The dividend discount model is one of the oldest and most conservative methods of stock valuation. The article Digging Deeper Into the Dividend Discount Model examines the assumptions underlying the DDM.

1. Technical analysis
This approach relies on charts and patterns to project the future movements of a particular stock or market index. These are the major measures used by technical analysts:
• Volume - the number of shares trading is considered a signal of strength or weakness. For example, if a stock price increases on strong volume, this is considered more significant than a price increase on weak volume.
• Advance/Decline Ratio - this measures the overall health or "breadth" of the market by comparing the number of issues that increased in price against the number that decreased in price.
• Support and Resistance - this refers to the levels where a stock price comes under pressure. The support level is the "bottom" line in a typical chart, while the resistance level is the "top" line. The following charts illustrate the support and resistance lines for typical stock charts.
 Figure 9.1: Support
 Figure 9.2: Resistance

See the Technical Analysis tutorial for an easy-to-understand outlook on the various tools used in technical analysis, including moving averages, relative strength index (RSI), Bollinger bands, stock chart patterns and much more.

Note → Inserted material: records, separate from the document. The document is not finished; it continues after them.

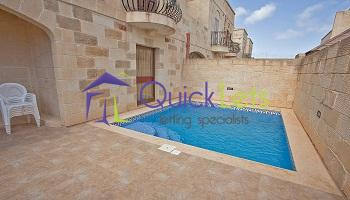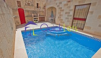Ta’ Gulinu Farmhouse: Located in the Gozitan village of Qala, situated towards the centre of the village and within walking distance of Hondoq Bay. Spread on three floors that forms part of a gated complex, one can find a good sized swimming pool equipped with a deck/BBQ area, kitchen/dining/living, 4 Double Bedrooms, 3 Bathrooms, spare toilet and a terrace overlooking the pool.
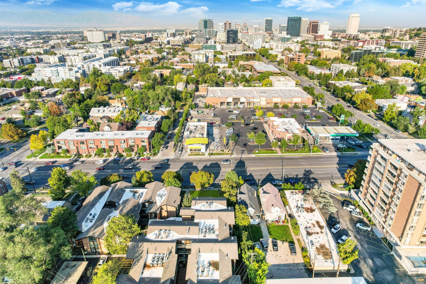 Across the street is a everything you need from groceries to gas stations. South 1.5 blocks is a main road (400 S) with a TRAX station, Starbucks and a world of food places.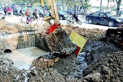 16日9时20分许,济宁城区建设南路—处施工工地,—辆挖掘机在施工时,将地下的自来水管道挖断,造成水流成河。据了解,挖掘机司机在操作挖掘机时,并不清楚地下埋有管道。事发后,司机第—时间拨打了自来水公司的抢修热线。本报记者 黄广华摄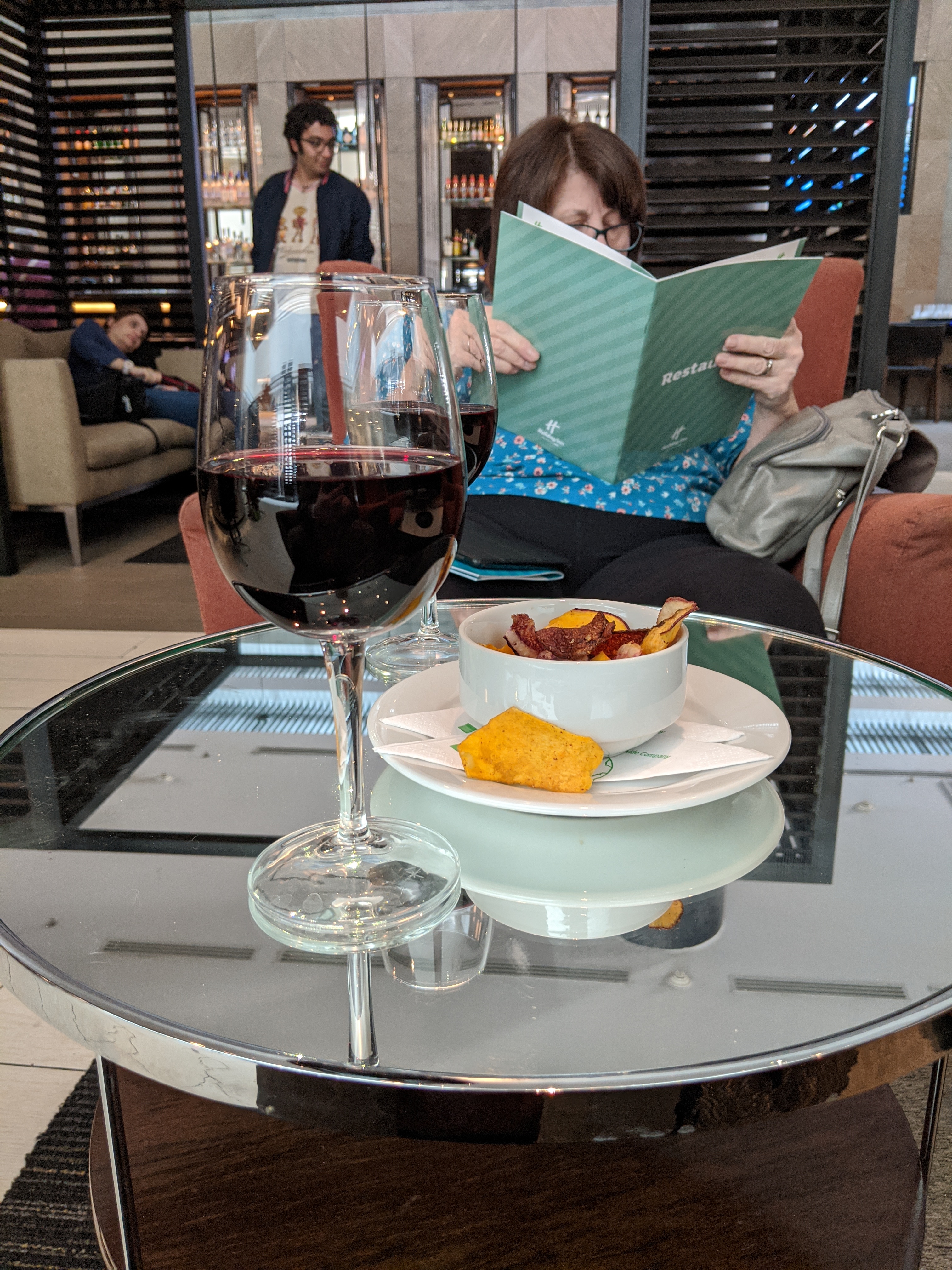 Relaxing at the Holiday inn Express Lounge, enjoying Malbec and Empanadas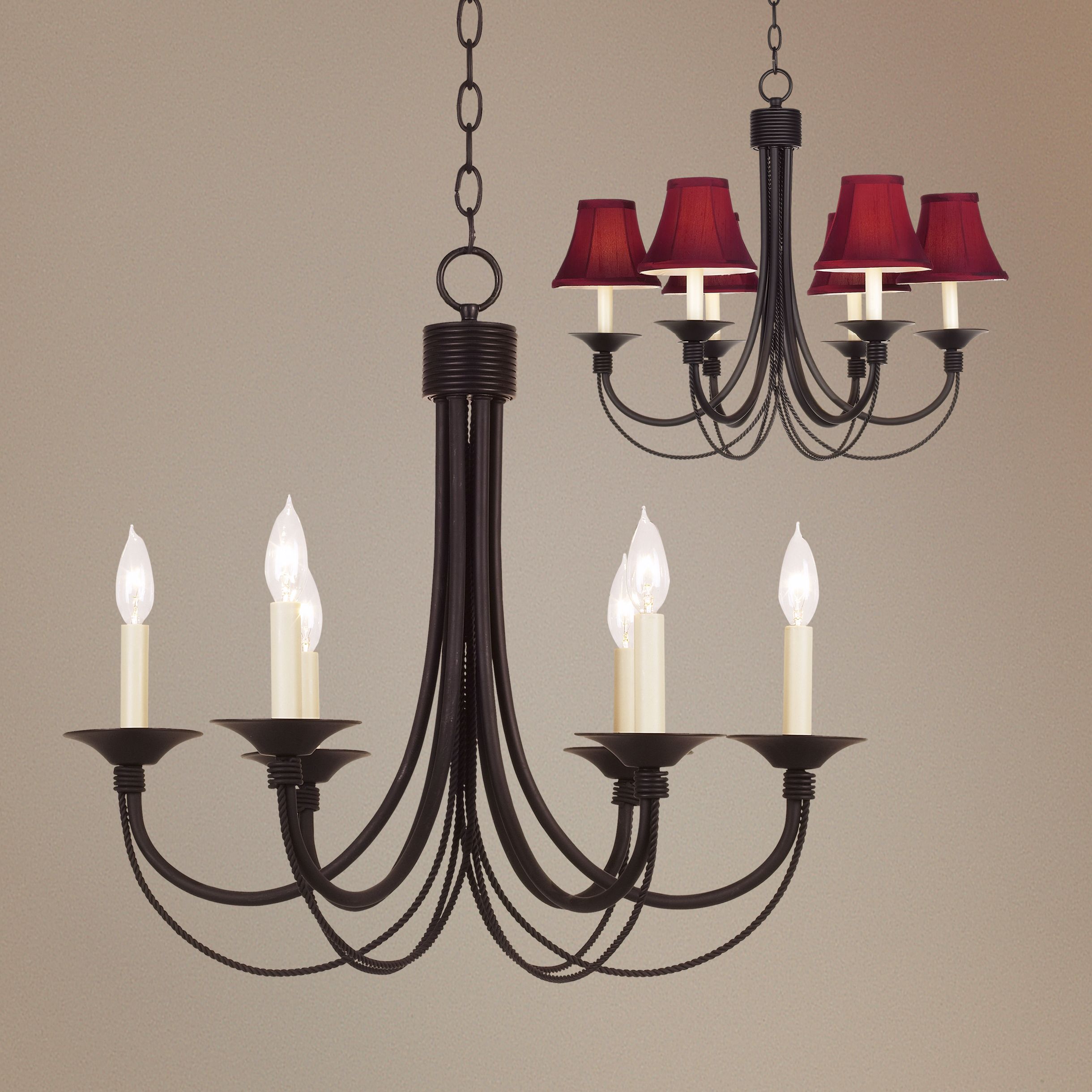Decorate your dining or entry hall area with this handsome iron look chandelier. Simple yet delicate in style, it features six gently curved arms with candelabra style lights. With a traditional flat black finish. Add a clip-on style shade for a decorative look. Shades sold separately and are not included, item number 20434.

Here are two sample exam questions on stock valuation:

1. Those who predict stock values based on calculations of the present value of future dividends are using which stock valuation tool?
1. Technical analysis
2. Dividend correlation model
3. Dividend discount model
4. Expected return model

2. Using technical analysis, if XYZ stock is trading near its resistance price, it is said to be:
1. Oversold
2. Overbought
4. Inverse

The correct answer is "b". However, if the stock were trading near its support price, it would be described as oversold.